As for personalities, Kelly says, “AA can be dogmatic and rigid, but that’s people, not the program of recovery as laid out in its literature. It is definitely not the only pathway to freedom from dependency. But for me, it was and is the one that works and has given me a way of life based on true autonomy and community, as well as a solution and freedom from the deep wounds that otherwise threaten to destroy me and harm others. With the 12 steps, I’ve been led to the ability and awareness to contribute to humanity, rather than contaminate it and add to the suffering. That said, I repeat — 12-step recovery is not for everyone.”

Veronica Valli, in her blog post The Misinformation about Alcoholics Anonymous and Sobriety, disagreed with many of Whitaker’s points in her Times op-ed. She highlights, from her experience, the misinformation about the program perpetuated in this article and as a whole within the fellowship, while still acknowledging the flaws inherent in the program. Valli attributes the misinformation to the fellowship — and outside of it — not to the spiritual program itself. She explains, The AA ‘fellowship’ and the AA ‘program’ are two entirely separate entities. The fellowship is simply the people who attend meetings and consider themselves members. The program is the 12 steps, which are laid out in the basic text (commonly referred to as ‘the Big Book’) of Alcoholics Anonymous.”

“I also recognize that there is, of course, no one path to recovery. I know that any body of thought and organization has its flaws, and that AA is no exception. I have seen people in the program misinterpret the text as justification for abuse of other members; I have come across unhealthy practices and people; I understand where things can go and have gone awry.”

Valli also acknowledges that AA can be patriarchal, “like most things in our culture,” she says. It is unfortunate that the only way to access the spiritual program Valli describes is by participating in the fellowship. She advises that individuals seek the path of recovery that fits them best.

What’s clear from the science, and the experience of those who have shared their stories with me for this piece, is that AA is not the only way to recover and it certainly does not mean that recovery is only contingent upon attendance at AA meetings.

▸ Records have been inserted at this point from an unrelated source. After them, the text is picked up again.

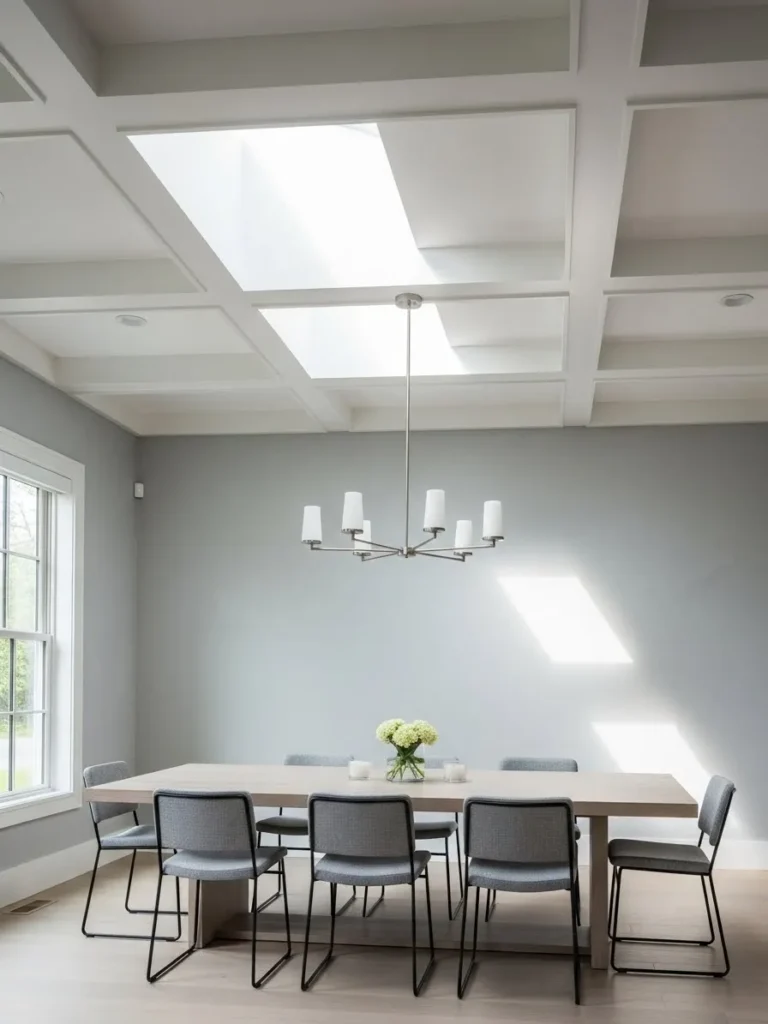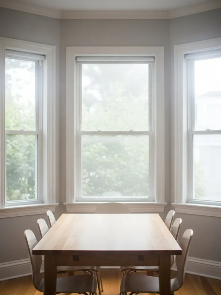 This dining room feels bright and open thanks to large windows and a soft gray wall color. The gray paint reflects the daylight beautifully, making the room feel fresh and spacious. A simple wooden table and matching chairs keep the look cohesive and timeless.
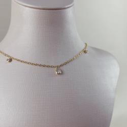 Choker pingentes zircônias redonda 4mm e gota 7mm corrente cadeado com alongadora
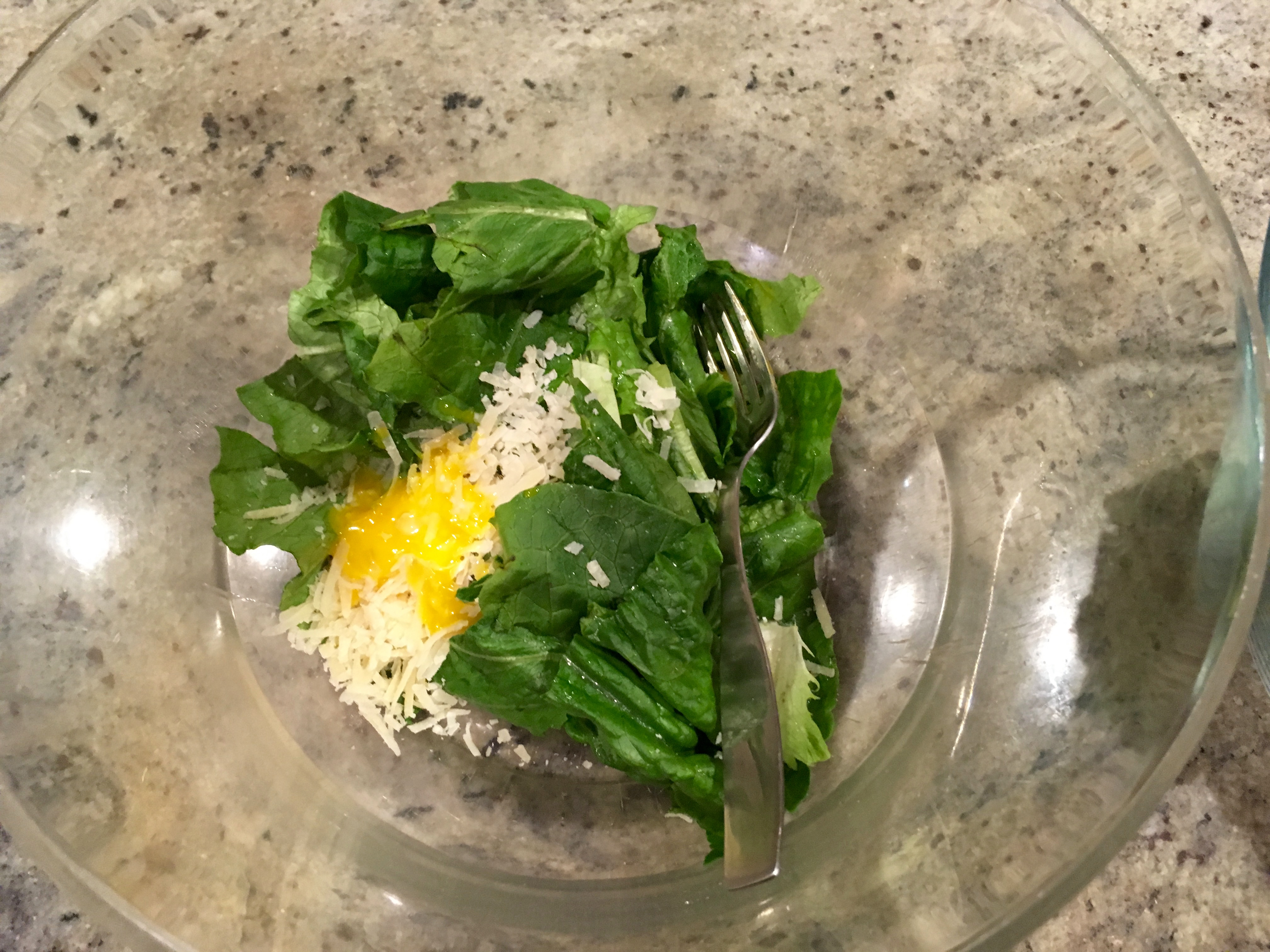 Mix yolk and romaine well. [This is a weird step—why in the world does Nonnie not just have you mix the egg with the rest of the dressing, rather than separately with the romaine? Maybe because she’s trying to emulate the original Caesar, which was tossed tableside like the guac at Rosa Mexicano?] Sprinkle 1/3 cup grated Parmesan cheese over salad, add some croutons, pour dressing over, and mix well.
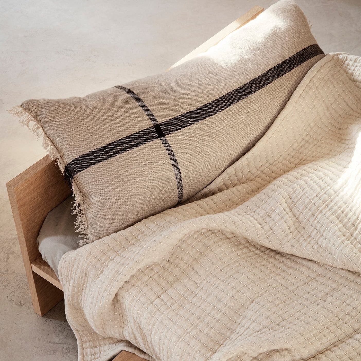 Like its name suggests, our Calm series of plush cushions adds a feeling of tranquillity to a space thanks to its muted hues and soothing lines. Available in three sizes to ensure you can find the perfect proportion to suit your needs, each is versioned in three patterns: striped, regular check and oversized check. The understated design is made from tactile cotton-linen and detailed along two edges with fringed trim.
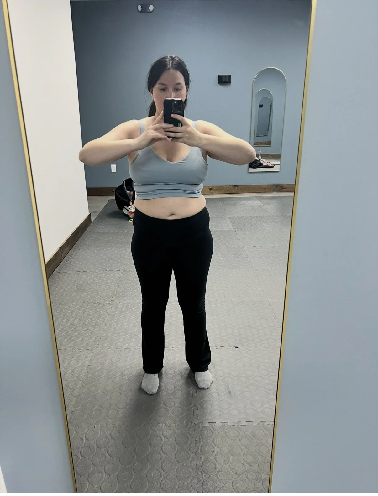Peep the infant seat in the background (3 months postpartum)
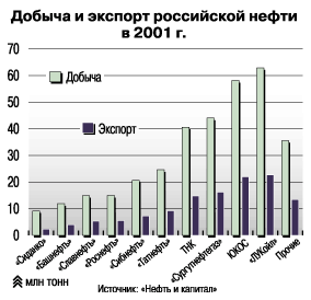 Рис. 8. Добыча и экспорт российской нефти в 2001 г.
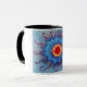 Blaues Mandala zeichnend auf Combo-Tasse.
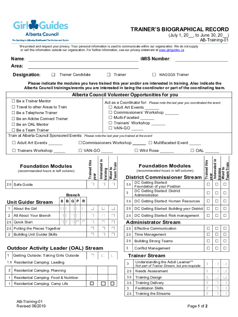 TRAINERS BIOGRAPHICAL RECORD(July 1, 20__, to June 30, 20__) ABTraining01We protect and respect your privacy. Your personal information is used to communicate within our organization. We do not supply
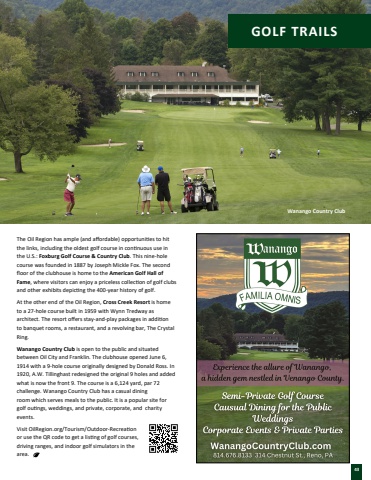 The Oil Region has ample (and affordable) opportuni%u019fes to hit the links, including the oldest golf course in con%u019fnuous use in the U.S.: Foxburg Golf Course & Country Club. This nine-hole course was founded in 1887 by Joseph Mickle Fox. The second floor of the clubhouse is home to the American Golf Hall of Fame, where visitors can enjoy a priceless collec%u019fon of golf clubs and other exhibits depic%u019fng the 400-year history of golf.At the other end of the Oil Region, Cross Creek Resort is home to a 27-hole course built in 1959 with Wynn Tredway as architect. The resort offers stay-and-play packages in addi%u019fon to banquet rooms, a restaurant, and a revolving bar, The Crystal Ring.Wanango Country Club is open to the public and situated between Oil City and Franklin. The clubhouse opened June 6, 1914 with a 9-hole course originally designed by Donald Ross. In 1920, A.W. Tillinghast redesigned the original 9 holes and added what is now the front 9. The course is a 6,124 yard, par 72 challenge. Wanango Country Club has a casual dining room which serves meals to the public. It is a popular site for golf ou%u019fngs, weddings, and private, corporate, and charityevents.Visit OilRegion.org/Tourism/Outdoor-Recrea%u019fon or use the QR code to get a lis%u019fng of golf courses, driving ranges, and indoor golf simulators in the area.GOLF TRAILSWanango Country Club43
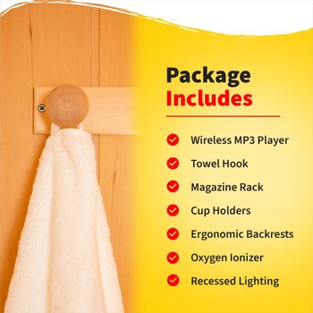 - ACCESSORIES INCLUDED: Complete with chromotherapy lighting, recessed lighting, towel hooks, magazine rack, cup holder, oxygen ionizer, air vents, and 2 ergonomic indoor sauna backrests for comfort. Includes an easy-to-assemble buckle system for quick setup.
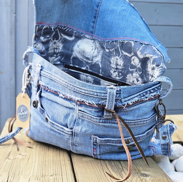 This meticulously crafted piece showcases the beauty of upcycled denim. The unique skull lining adds a touch of edgy flair. It's a statement piece for those who appreciate individual style. The repurposed denim gives new life to a classic material. This item is perfect for anyone looking for something distinctive and sustainably made.
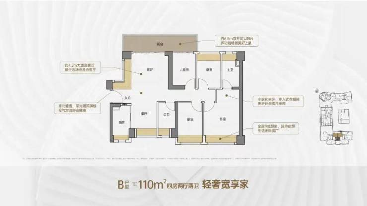 110㎡4房2卫,竖厅南北通透格局,客厅开间4.2米,次卧出6.5米长的大阳台,主卧大套间设计,全屋9处飘窗,阳台主朝北向。
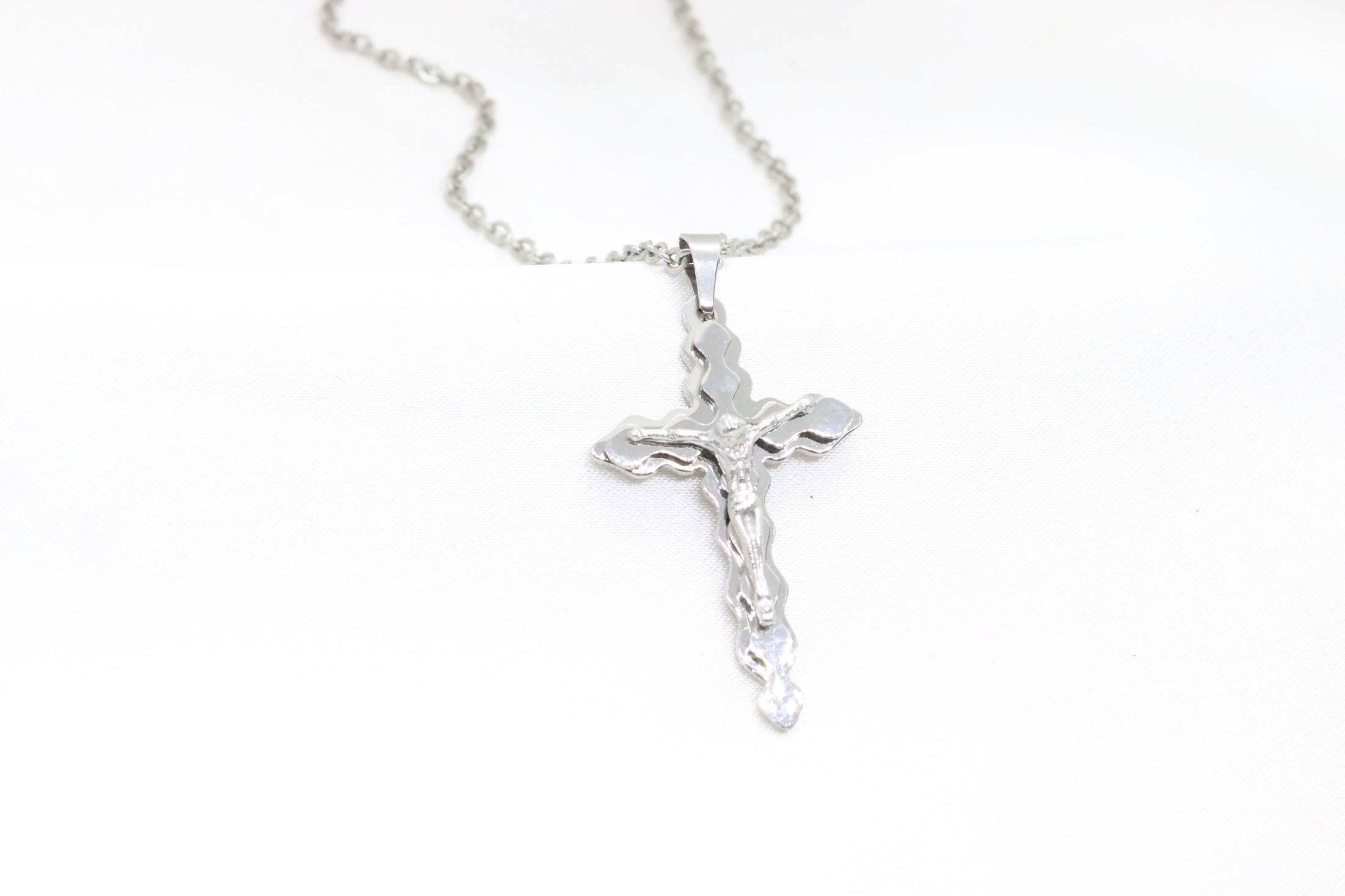 Ατσάλινος σταυρός με αλυσίδα σε ασημί χρώμα
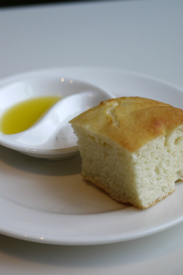 サーヴィスのフォッカッチャとオリーヴオイル。(と岩塩)
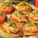 Обжаренные кабачки выложить на блюдо, сверху помидор и сырно-морковный салат.
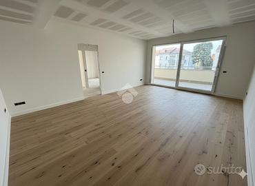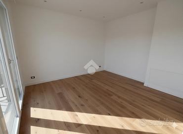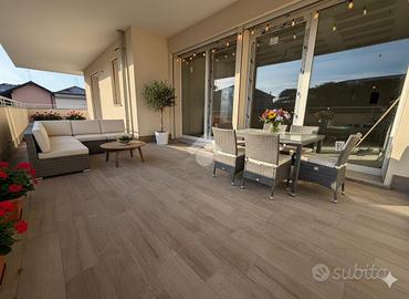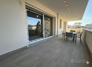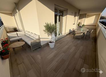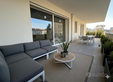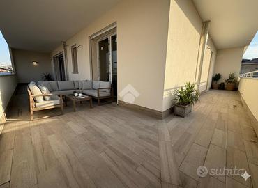 L'ingresso conduce a un'ampia zona giorno con cucina a vista, elegante e funzionale, con affaccio su un grande terrazzo coperto, ideale per vivere appieno lo spazio esterno in ogni stagione.
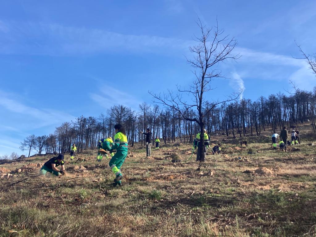 En el programa formativo se ha incluido también la visita a zonas devastadas por el fuego, como la de Ayoó de Vidriales, en cuya área de las inmediaciones de la ermita de San Mamés procedieron a la plantación de árboles.
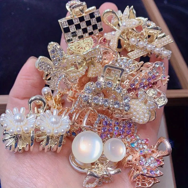 Random 10pcs Luxury Zirconia Women'S Bow Hair Accessories - Glamorous Flower Design Claw Clips, Colorful Non-Slip Grips, Elegant Hairpins for Styling and Weddings, Daily Wear, Hair
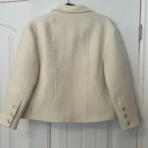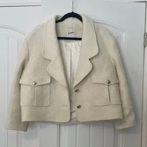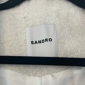 Chic and timeless blazer by Sandro Soft cream hue with classic lapel design. Features stylish front pockets and button closure.
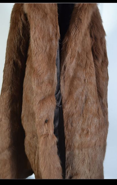 Two vintage fur coats one being a Rabbit Skin Fur Jacket and the other a vintage Brown Fur Coat with high collar.
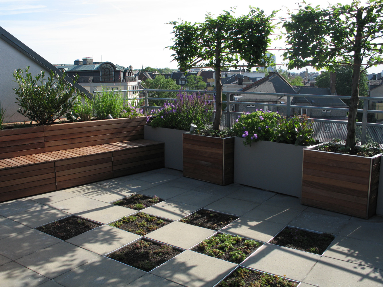 geschnittene Eibenheckenelemente mit den Hochstamm Säulenhainbuchen wirken als prägende und gestalterische Elemente im Vorgarten. Die Balkone sind mit Holz belegt. Pflanzbehälter aus dem gleichen Holz bieten in Verbindung mit der dekorativen Bepflanzung einen attraktiven Sichtschutz. Der Blick von der formal gestalteten Dachterrasse
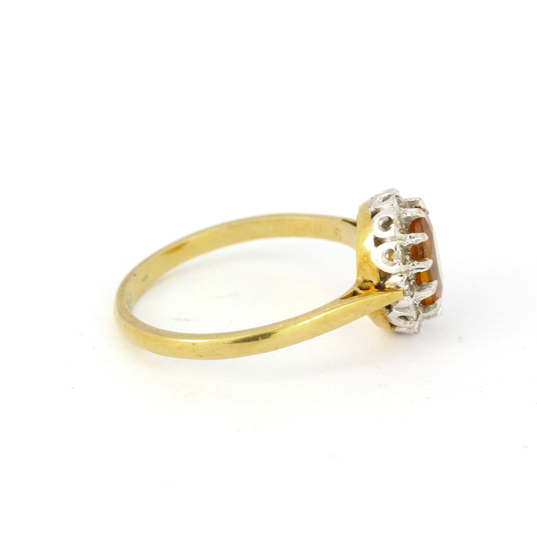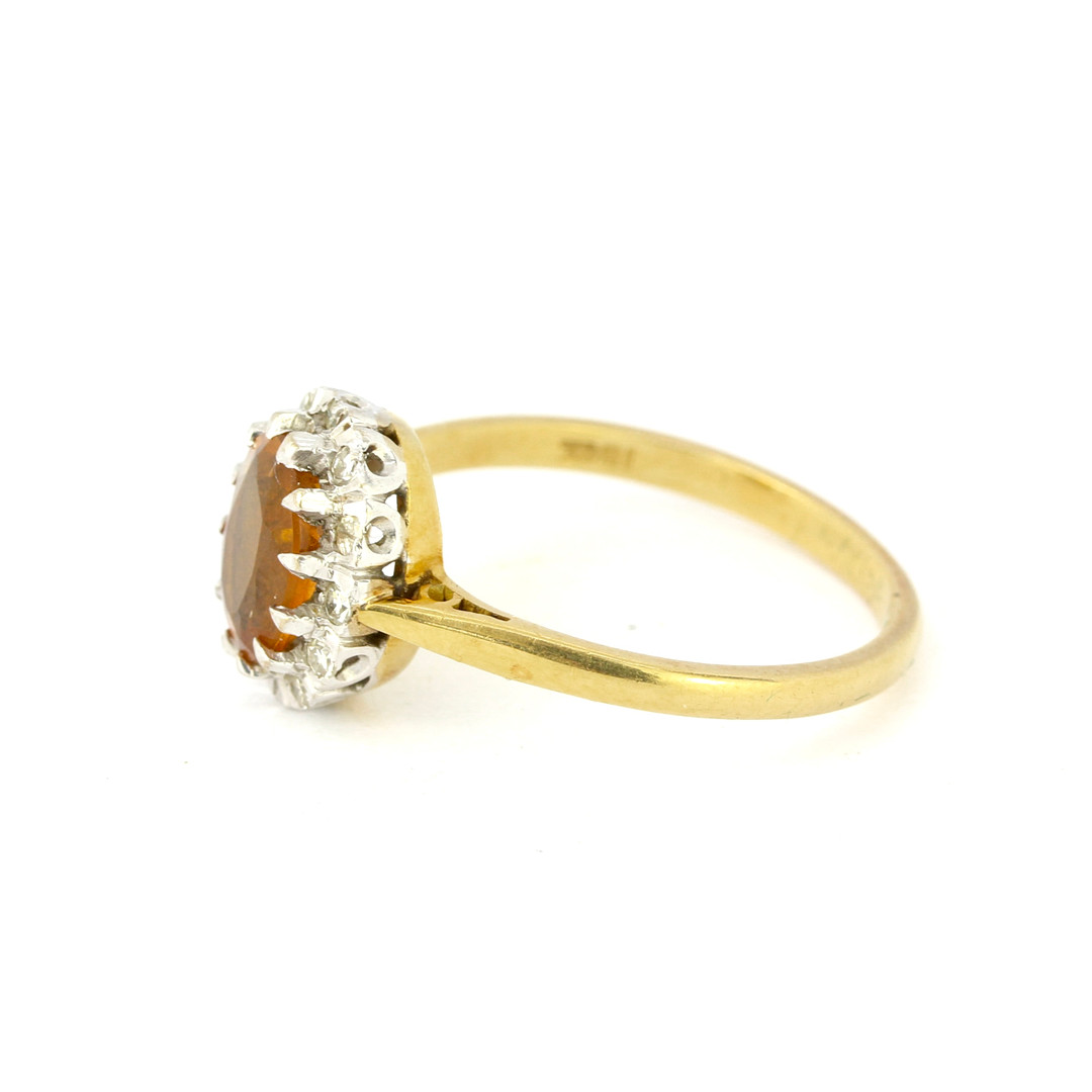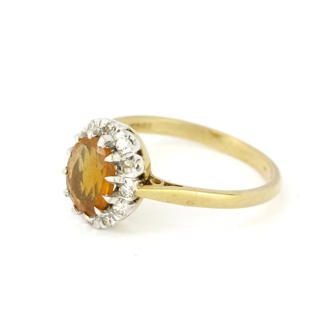 4261066. 18KT GULD, CITRIN OG DIAMANT SÆT RING.

There are numerous pathways to recovery, and we can all benefit from acknowledging that fact and supporting people with this deadly disease in finding a solution that works for them, rather than shaming people who don’t attend AA or those who speak up about it not working for them.

Dowsett Johnston again: “Really, I believe that we live in an alcogenic world, and our job is to push back — not as prohibitionists but as feminists, as whistleblowers, saying that what I call the ‘pinking’ of the alcohol market has got to stop. I am not a victim; I am a protester in a movement that is growing — a recovery movement that is real and compelling.”